**Stored data entries**
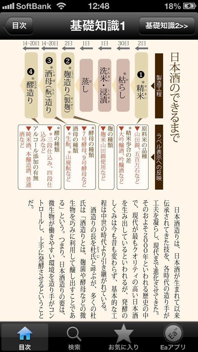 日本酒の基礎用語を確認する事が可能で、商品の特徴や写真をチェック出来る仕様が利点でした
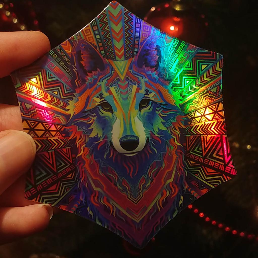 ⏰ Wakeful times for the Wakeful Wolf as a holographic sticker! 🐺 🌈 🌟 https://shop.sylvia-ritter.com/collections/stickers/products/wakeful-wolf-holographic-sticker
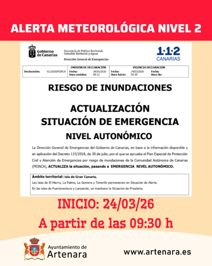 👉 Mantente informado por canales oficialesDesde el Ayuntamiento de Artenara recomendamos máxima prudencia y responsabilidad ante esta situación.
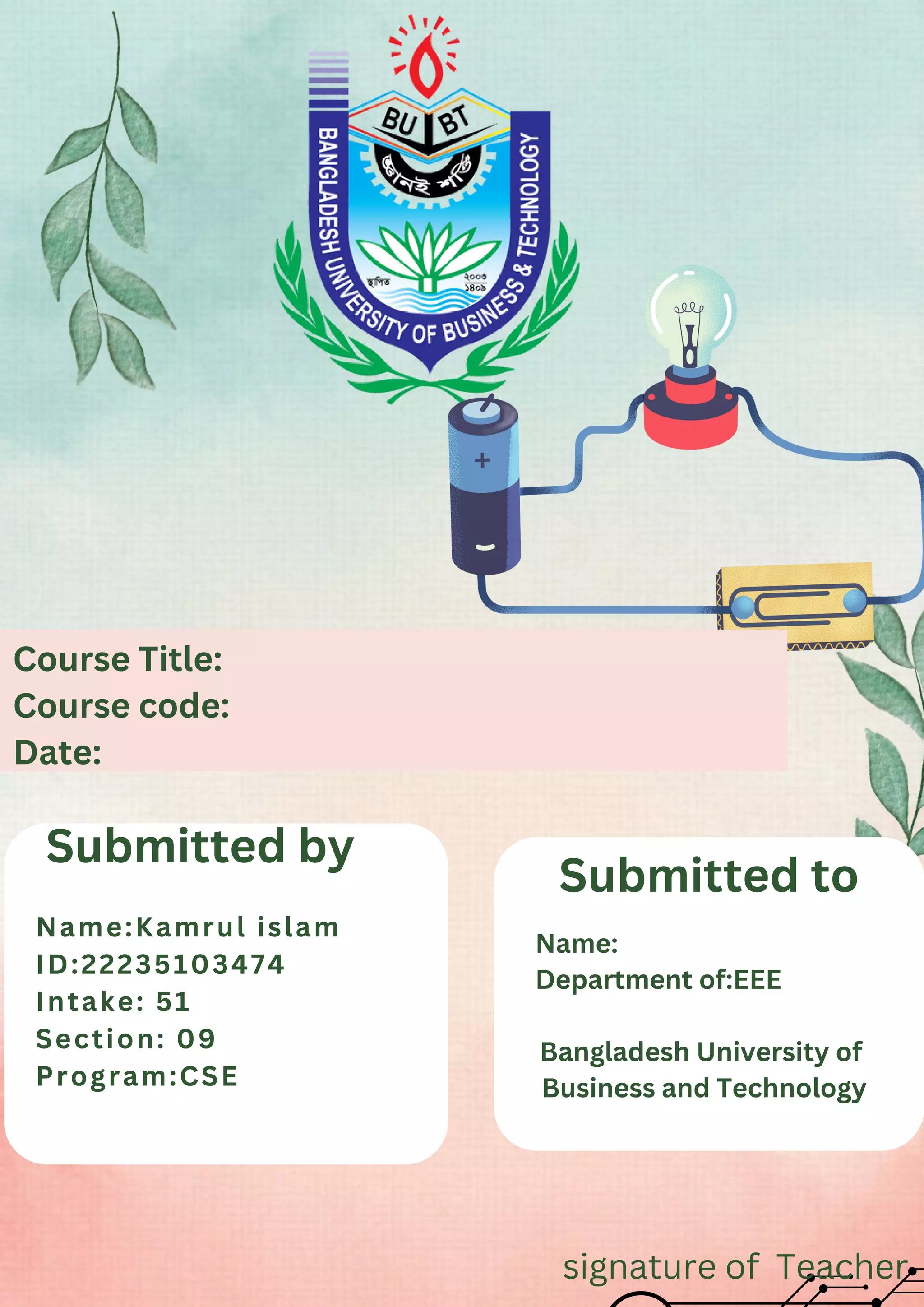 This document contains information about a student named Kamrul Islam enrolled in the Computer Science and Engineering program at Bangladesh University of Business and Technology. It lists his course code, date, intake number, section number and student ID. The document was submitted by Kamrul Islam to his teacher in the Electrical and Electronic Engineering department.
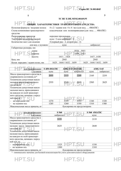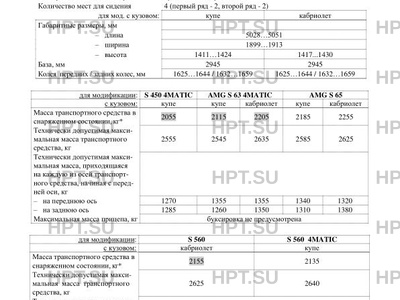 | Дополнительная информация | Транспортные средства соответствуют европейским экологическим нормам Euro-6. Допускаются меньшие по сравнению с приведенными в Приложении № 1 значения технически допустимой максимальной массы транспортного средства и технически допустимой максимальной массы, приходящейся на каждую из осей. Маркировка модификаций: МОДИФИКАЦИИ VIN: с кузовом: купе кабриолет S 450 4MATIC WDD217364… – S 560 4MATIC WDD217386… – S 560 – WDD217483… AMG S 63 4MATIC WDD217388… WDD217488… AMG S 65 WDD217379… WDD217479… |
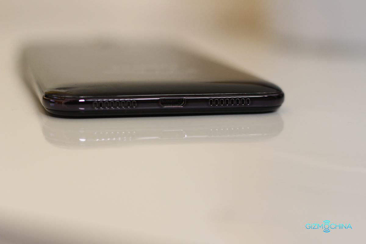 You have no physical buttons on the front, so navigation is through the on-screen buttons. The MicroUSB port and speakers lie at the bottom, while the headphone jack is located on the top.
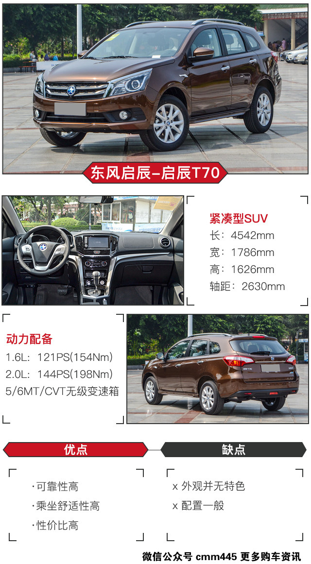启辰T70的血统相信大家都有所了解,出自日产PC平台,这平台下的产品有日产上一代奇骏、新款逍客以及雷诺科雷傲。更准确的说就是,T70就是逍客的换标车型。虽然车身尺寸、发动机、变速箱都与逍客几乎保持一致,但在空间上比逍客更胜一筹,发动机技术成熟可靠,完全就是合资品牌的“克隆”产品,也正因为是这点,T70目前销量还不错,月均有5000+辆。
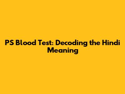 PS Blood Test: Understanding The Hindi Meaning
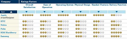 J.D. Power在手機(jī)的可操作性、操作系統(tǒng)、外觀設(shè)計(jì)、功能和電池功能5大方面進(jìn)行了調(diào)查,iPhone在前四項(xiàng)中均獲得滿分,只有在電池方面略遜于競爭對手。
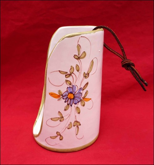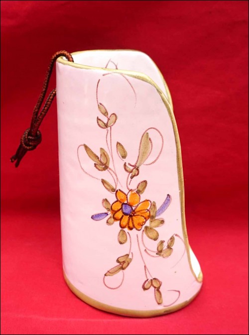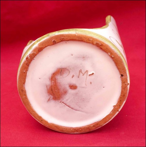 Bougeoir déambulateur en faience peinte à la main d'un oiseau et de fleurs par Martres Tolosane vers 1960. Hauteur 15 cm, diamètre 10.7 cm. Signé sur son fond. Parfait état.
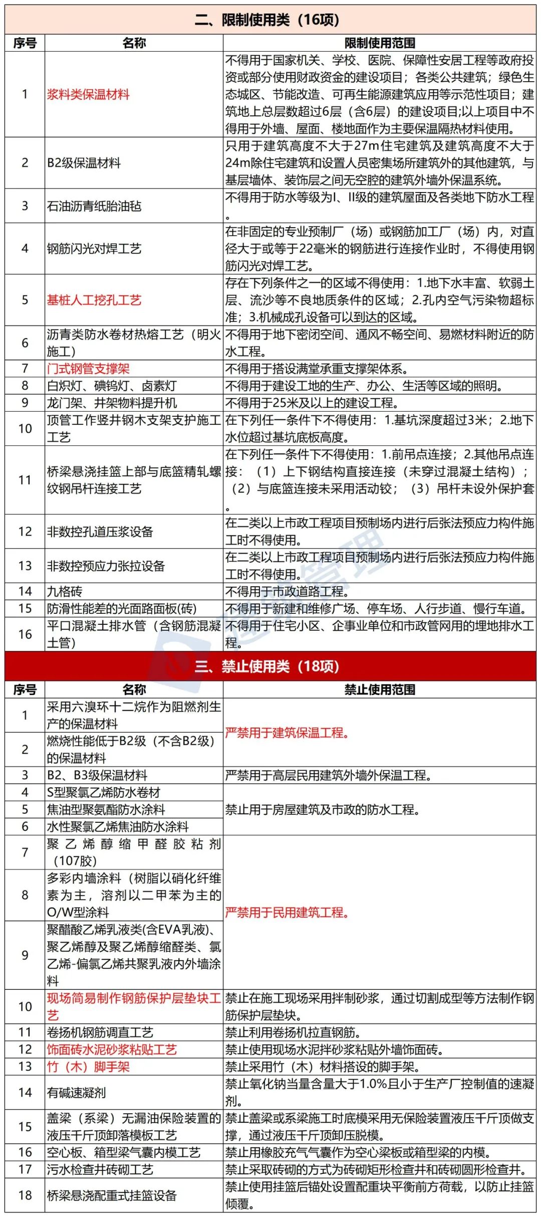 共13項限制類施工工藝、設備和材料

**PROBLEM TO SOLVE**
Every line from the one containing "Bougeoir déambulateur en" to the final line of the records must be transcribed exactly, both ends included, with the pictures left out.

**ANSWER FOR THIS EXERCISE**
 Bougeoir déambulateur en faience peinte à la main d'un oiseau et de fleurs par Martres Tolosane vers 1960. Hauteur 15 cm, diamètre 10.7 cm. Signé sur son fond. Parfait état.
 共13項限制類施工工藝、設備和材料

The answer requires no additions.